“Was there anyone else you know of that Skaggs might have spoken with? Anyone else that might have had some influence over him?” Hick asked.
Ulredge Mallon shook his head. “Deem Skaggs had no friends that I know of. He had them he done business with, but—”
“Business?” Hick said. “We were told he didn’t work.”
Mallon shifted uneasily. “When a man’s convinced the world’s against him, he can pretend he’s above the law. He done business with folks, but that didn’t make them his friends. The way Deem did things made enemies, never friends.”
“You know the names of any of these enemies?”
Mallon’s Adam’s apple bobbed and he shook his head. “I can’t say.”
“Can’t or won’t?” Carol said.
Mallon shook his head.
“What sort of business are we talking about here?” Hick asked.
Again, Mallon just shook his head.
Carol leaned forward. “You won’t incriminate yourself. I’m simply here as Ernest Kelly’s friend.”

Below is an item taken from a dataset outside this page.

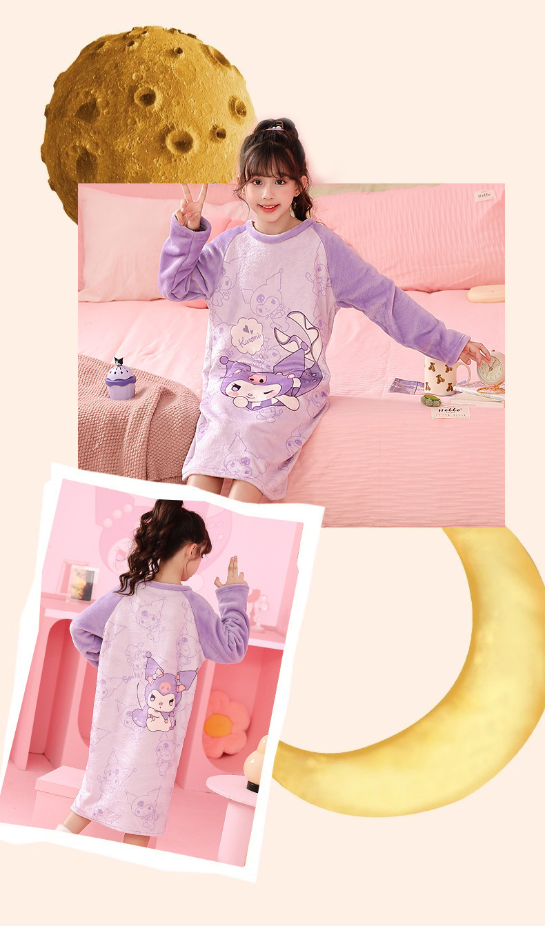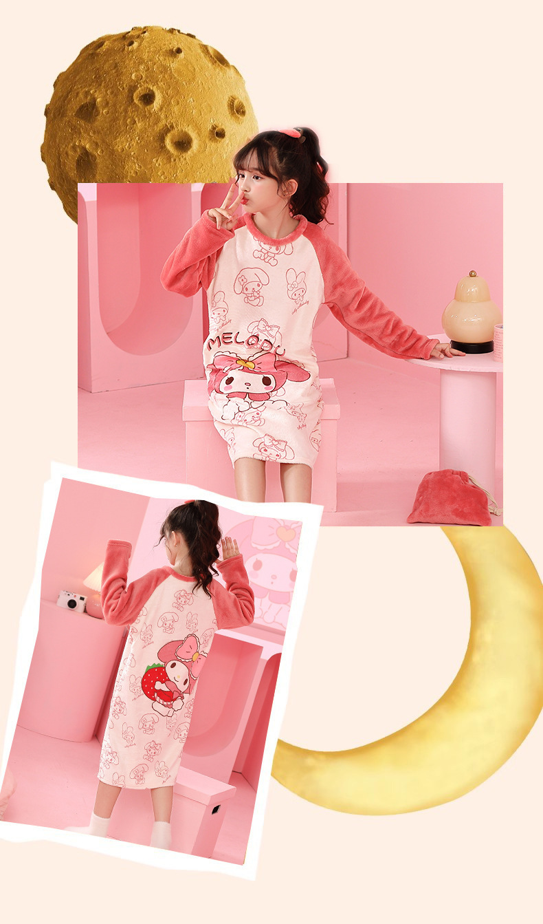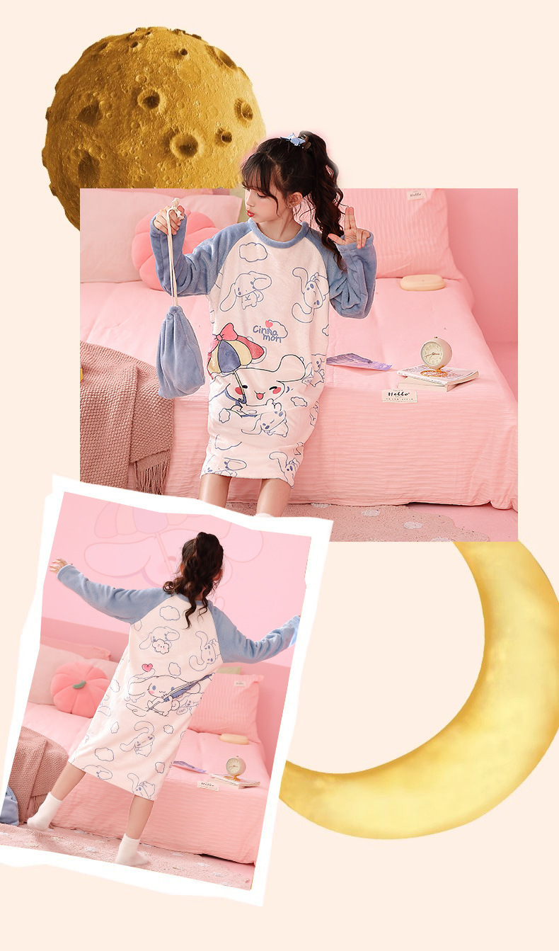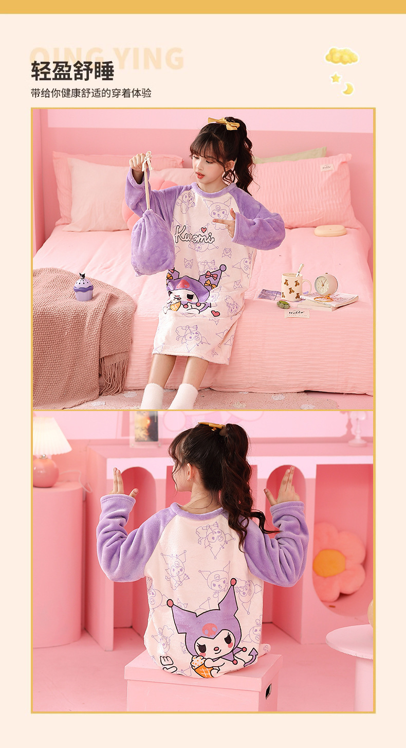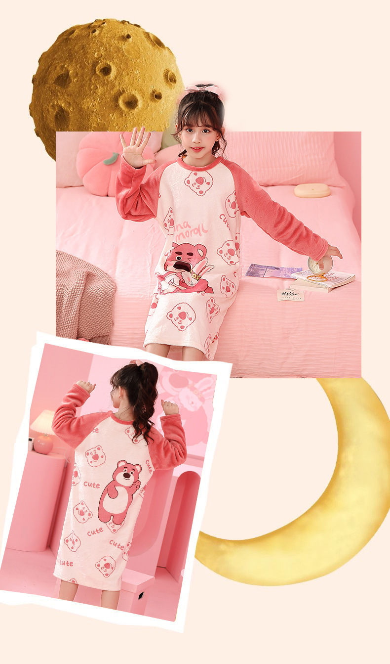 2024 осень и зима новая девушка фланелевая ночная рубашка девушка пижама зимняя детская домашняя одежда плюс бархатный мультяшный халат

“I ain’t done nothing wrong,” Mallon said. “I ain’t worried about that. The law ain’t the only justice in these hills.”
Hick sighed with frustration. “Out of curiosity, you ever hear of a man by the name of Edwin Stephenson?”
Ulredge Mallon seemed momentarily startled, but quickly regained his composure. “No, I ain’t. Should I?”
Hick squinted and looked closely at the preacher. “Just curious is all. You sure?”
Brother Mallon licked his lips and said, “Yes, sir. I don’t know that name.”
Carol rose and extended her hand to Brother Mallon. “If you recall anything, if anything comes to mind about Nicodemus, anything he said that was strange or out of the ordinary, please contact us. Sheriff Lowell knows where to reach us.”
Brother Mallon rose to his full height and an aura of sadness enveloped him. He shook his head and closed his eyes. “Fear. It’s a terrible taskmaster.”
Hick started to question Mallon but saw he was lost in his own thoughts. When Hick and Carol got back to the car, Carol lit a cigarette and frowned up at the church. “Well, what do you make of him?”
“I’m not sure,” Hick said. “While your friends in Washington are checking on Kelly and Grant, can they get some information on Mallon, too? Like who he is and where he came from?”
“If you like. What do you think they’ll find?”
Hick climbed into the car. “I don’t know. I’m just curious, I guess.”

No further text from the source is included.